◆ **Task details**
Could you restate every entry word for word, minus the pictures?

◆ **Working data**
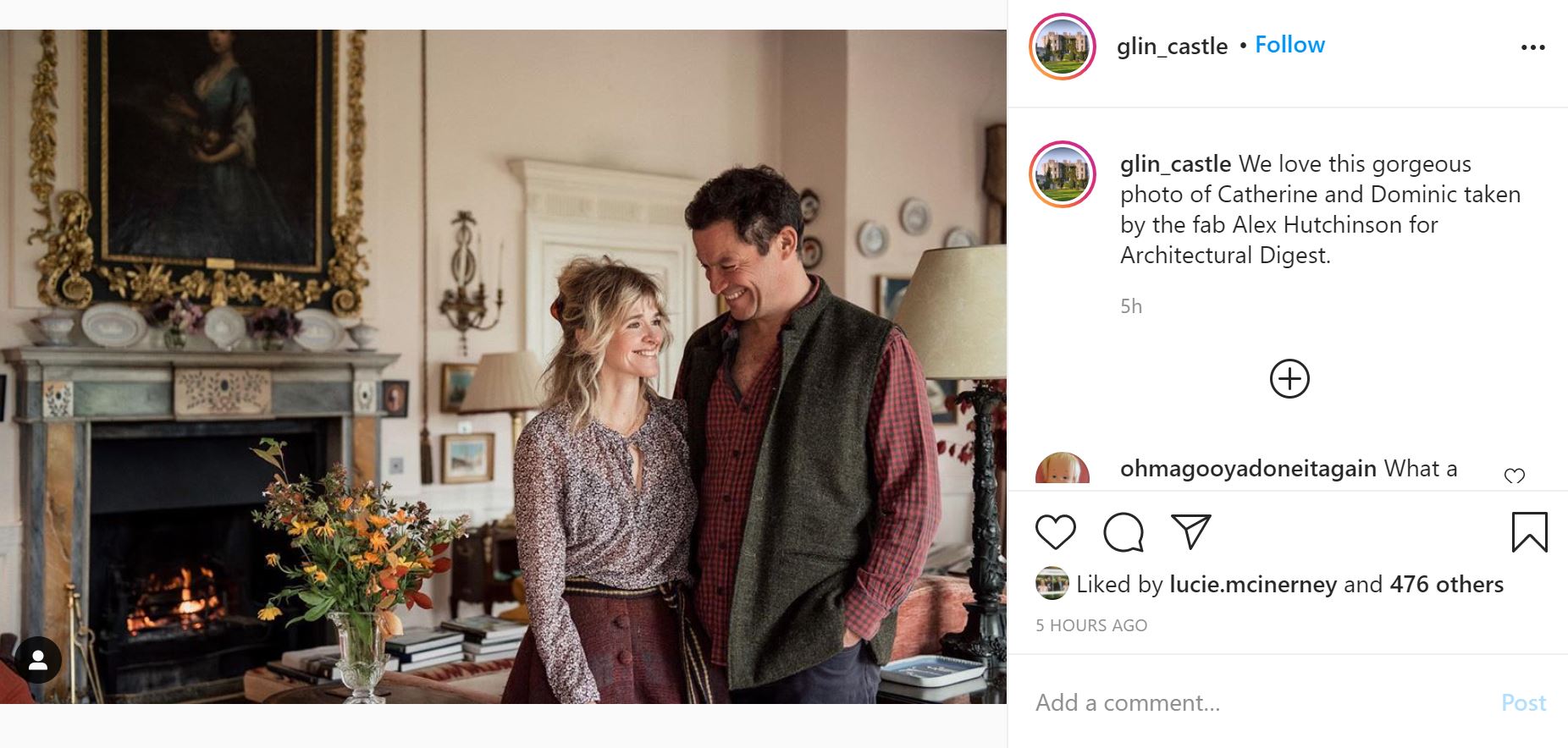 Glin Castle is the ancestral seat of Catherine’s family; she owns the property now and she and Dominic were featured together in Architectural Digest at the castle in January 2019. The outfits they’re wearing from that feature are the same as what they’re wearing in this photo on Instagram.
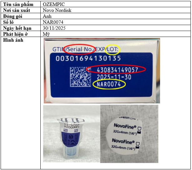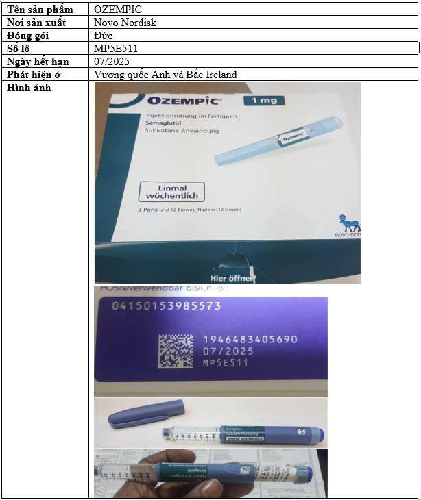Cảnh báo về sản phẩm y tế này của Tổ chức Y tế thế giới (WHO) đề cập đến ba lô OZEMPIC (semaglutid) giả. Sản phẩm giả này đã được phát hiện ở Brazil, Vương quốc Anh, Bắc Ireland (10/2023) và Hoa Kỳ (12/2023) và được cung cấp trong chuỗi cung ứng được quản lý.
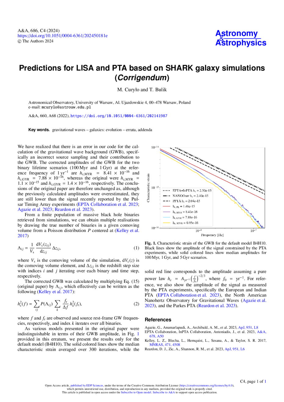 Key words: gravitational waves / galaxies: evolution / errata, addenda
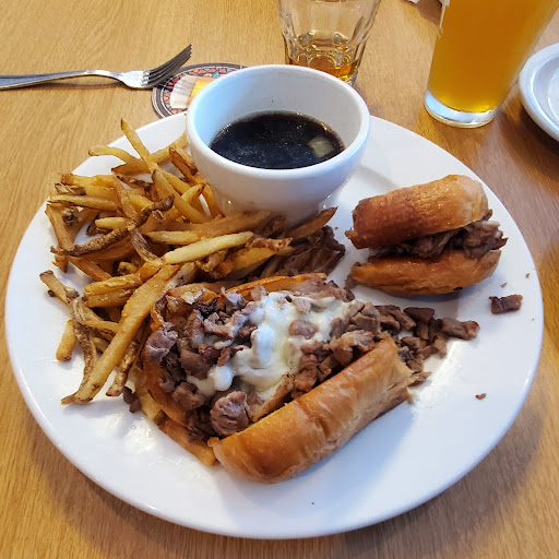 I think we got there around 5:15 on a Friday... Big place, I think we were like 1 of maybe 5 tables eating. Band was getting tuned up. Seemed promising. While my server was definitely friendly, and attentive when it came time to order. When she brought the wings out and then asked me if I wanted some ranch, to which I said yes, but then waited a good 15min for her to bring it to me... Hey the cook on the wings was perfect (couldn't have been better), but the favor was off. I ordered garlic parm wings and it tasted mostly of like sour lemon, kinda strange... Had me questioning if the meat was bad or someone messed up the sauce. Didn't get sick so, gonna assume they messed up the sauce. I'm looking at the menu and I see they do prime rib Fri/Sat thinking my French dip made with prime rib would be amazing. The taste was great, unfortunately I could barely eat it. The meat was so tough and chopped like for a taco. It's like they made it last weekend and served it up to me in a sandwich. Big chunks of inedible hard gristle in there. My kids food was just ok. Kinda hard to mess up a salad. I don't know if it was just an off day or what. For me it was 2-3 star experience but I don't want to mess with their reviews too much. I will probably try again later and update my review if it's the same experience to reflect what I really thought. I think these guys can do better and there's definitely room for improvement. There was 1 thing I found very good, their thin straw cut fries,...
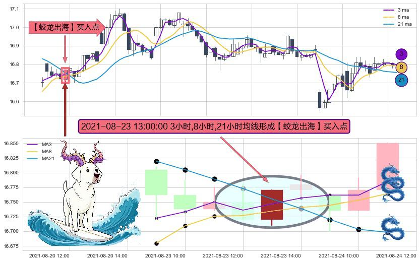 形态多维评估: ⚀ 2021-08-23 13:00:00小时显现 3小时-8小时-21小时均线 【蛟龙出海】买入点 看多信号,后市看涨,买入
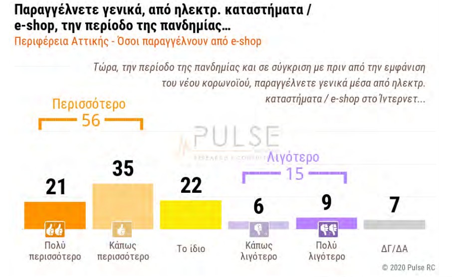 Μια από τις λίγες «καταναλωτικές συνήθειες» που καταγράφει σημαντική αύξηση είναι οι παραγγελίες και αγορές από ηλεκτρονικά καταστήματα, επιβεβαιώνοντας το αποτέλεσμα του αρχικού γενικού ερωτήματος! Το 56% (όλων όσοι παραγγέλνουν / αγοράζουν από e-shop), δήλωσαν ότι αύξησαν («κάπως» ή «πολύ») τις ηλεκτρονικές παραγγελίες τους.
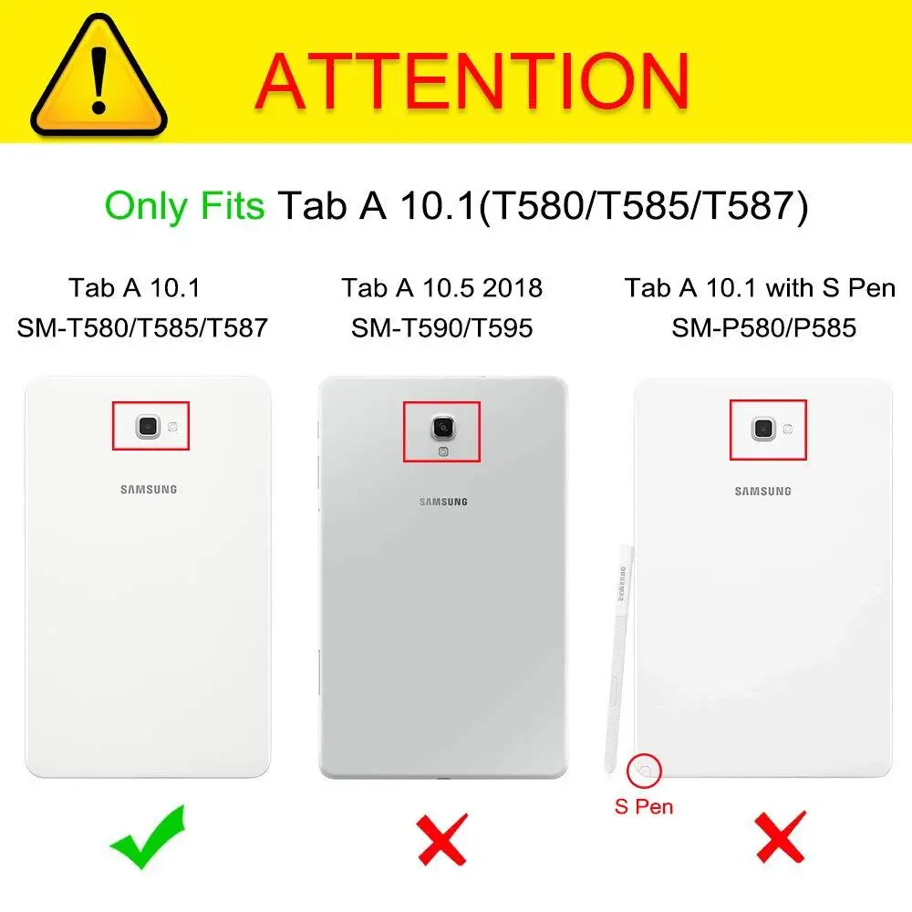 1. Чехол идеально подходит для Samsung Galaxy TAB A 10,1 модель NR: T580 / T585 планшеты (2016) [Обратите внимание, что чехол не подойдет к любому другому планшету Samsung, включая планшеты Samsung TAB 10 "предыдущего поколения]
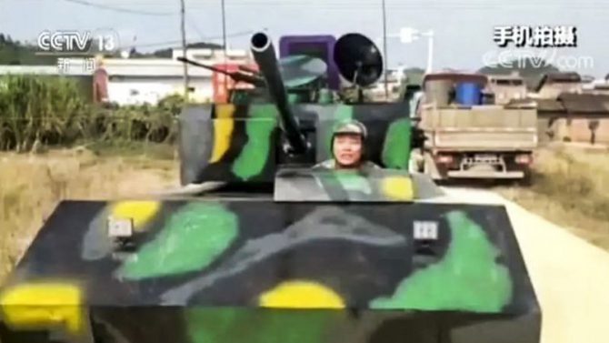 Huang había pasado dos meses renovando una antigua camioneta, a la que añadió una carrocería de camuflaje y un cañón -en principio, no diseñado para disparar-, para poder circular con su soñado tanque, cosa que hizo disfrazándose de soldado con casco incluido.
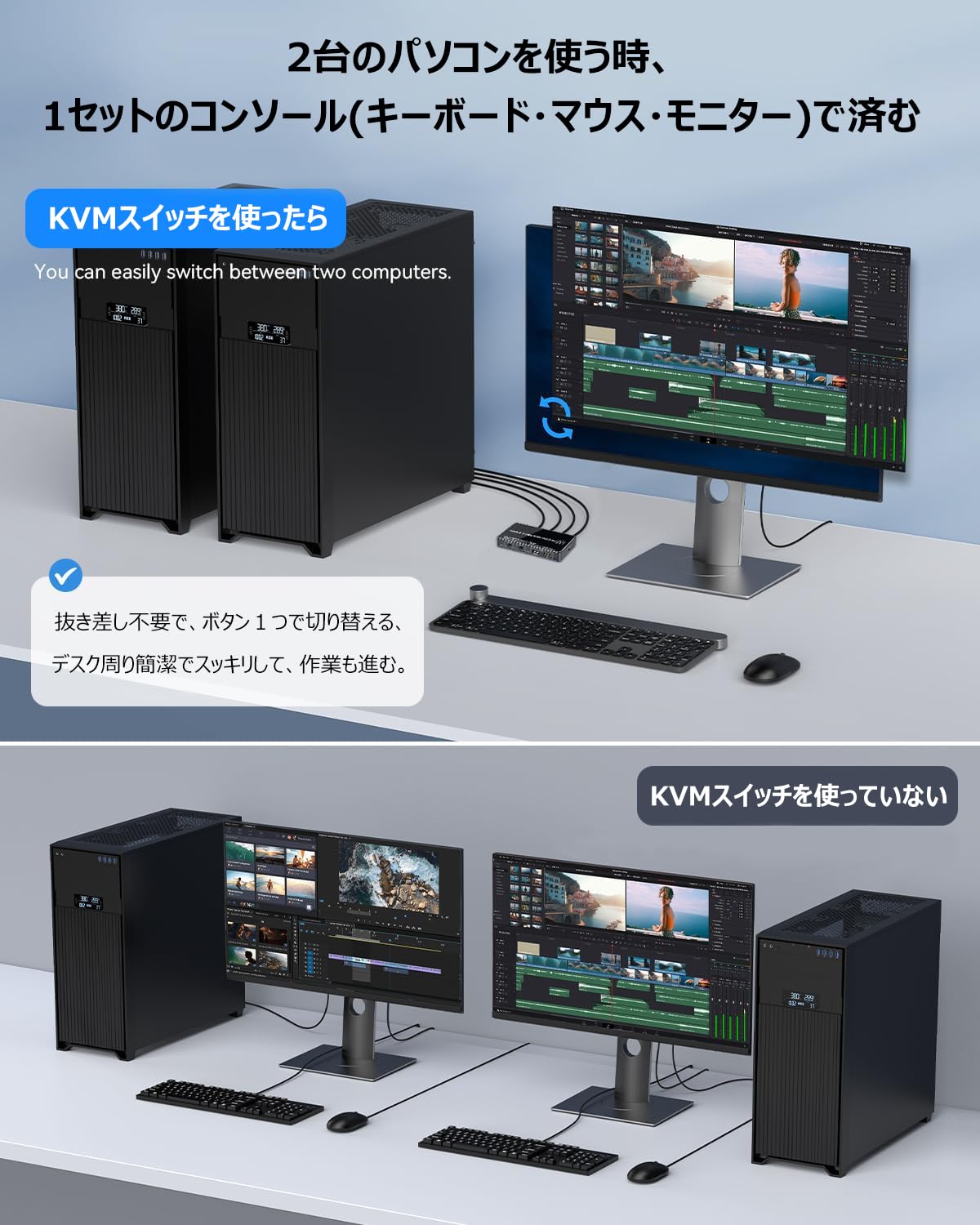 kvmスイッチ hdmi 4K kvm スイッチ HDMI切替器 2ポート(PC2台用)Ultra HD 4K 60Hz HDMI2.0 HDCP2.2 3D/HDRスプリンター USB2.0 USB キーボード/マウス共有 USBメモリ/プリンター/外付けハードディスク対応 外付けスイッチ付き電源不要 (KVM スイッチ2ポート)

◆ **Task answer**
 Glin Castle is the ancestral seat of Catherine’s family; she owns the property now and she and Dominic were featured together in Architectural Digest at the castle in January 2019. The outfits they’re wearing from that feature are the same as what they’re wearing in this photo on Instagram.
Cảnh báo về sản phẩm y tế này của Tổ chức Y tế thế giới (WHO) đề cập đến ba lô OZEMPIC (semaglutid) giả. Sản phẩm giả này đã được phát hiện ở Brazil, Vương quốc Anh, Bắc Ireland (10/2023) và Hoa Kỳ (12/2023) và được cung cấp trong chuỗi cung ứng được quản lý.
 Key words: gravitational waves / galaxies: evolution / errata, addenda
 I think we got there around 5:15 on a Friday... Big place, I think we were like 1 of maybe 5 tables eating. Band was getting tuned up. Seemed promising. While my server was definitely friendly, and attentive when it came time to order. When she brought the wings out and then asked me if I wanted some ranch, to which I said yes, but then waited a good 15min for her to bring it to me... Hey the cook on the wings was perfect (couldn't have been better), but the favor was off. I ordered garlic parm wings and it tasted mostly of like sour lemon, kinda strange... Had me questioning if the meat was bad or someone messed up the sauce. Didn't get sick so, gonna assume they messed up the sauce. I'm looking at the menu and I see they do prime rib Fri/Sat thinking my French dip made with prime rib would be amazing. The taste was great, unfortunately I could barely eat it. The meat was so tough and chopped like for a taco. It's like they made it last weekend and served it up to me in a sandwich. Big chunks of inedible hard gristle in there. My kids food was just ok. Kinda hard to mess up a salad. I don't know if it was just an off day or what. For me it was 2-3 star experience but I don't want to mess with their reviews too much. I will probably try again later and update my review if it's the same experience to reflect what I really thought. I think these guys can do better and there's definitely room for improvement. There was 1 thing I found very good, their thin straw cut fries,...
 形态多维评估: ⚀ 2021-08-23 13:00:00小时显现 3小时-8小时-21小时均线 【蛟龙出海】买入点 看多信号,后市看涨,买入
 Μια από τις λίγες «καταναλωτικές συνήθειες» που καταγράφει σημαντική αύξηση είναι οι παραγγελίες και αγορές από ηλεκτρονικά καταστήματα, επιβεβαιώνοντας το αποτέλεσμα του αρχικού γενικού ερωτήματος! Το 56% (όλων όσοι παραγγέλνουν / αγοράζουν από e-shop), δήλωσαν ότι αύξησαν («κάπως» ή «πολύ») τις ηλεκτρονικές παραγγελίες τους.
 1. Чехол идеально подходит для Samsung Galaxy TAB A 10,1 модель NR: T580 / T585 планшеты (2016) [Обратите внимание, что чехол не подойдет к любому другому планшету Samsung, включая планшеты Samsung TAB 10 "предыдущего поколения]
 Huang había pasado dos meses renovando una antigua camioneta, a la que añadió una carrocería de camuflaje y un cañón -en principio, no diseñado para disparar-, para poder circular con su soñado tanque, cosa que hizo disfrazándose de soldado con casco incluido.
 kvmスイッチ hdmi 4K kvm スイッチ HDMI切替器 2ポート(PC2台用)Ultra HD 4K 60Hz HDMI2.0 HDCP2.2 3D/HDRスプリンター USB2.0 USB キーボード/マウス共有 USBメモリ/プリンター/外付けハードディスク対応 外付けスイッチ付き電源不要 (KVM スイッチ2ポート)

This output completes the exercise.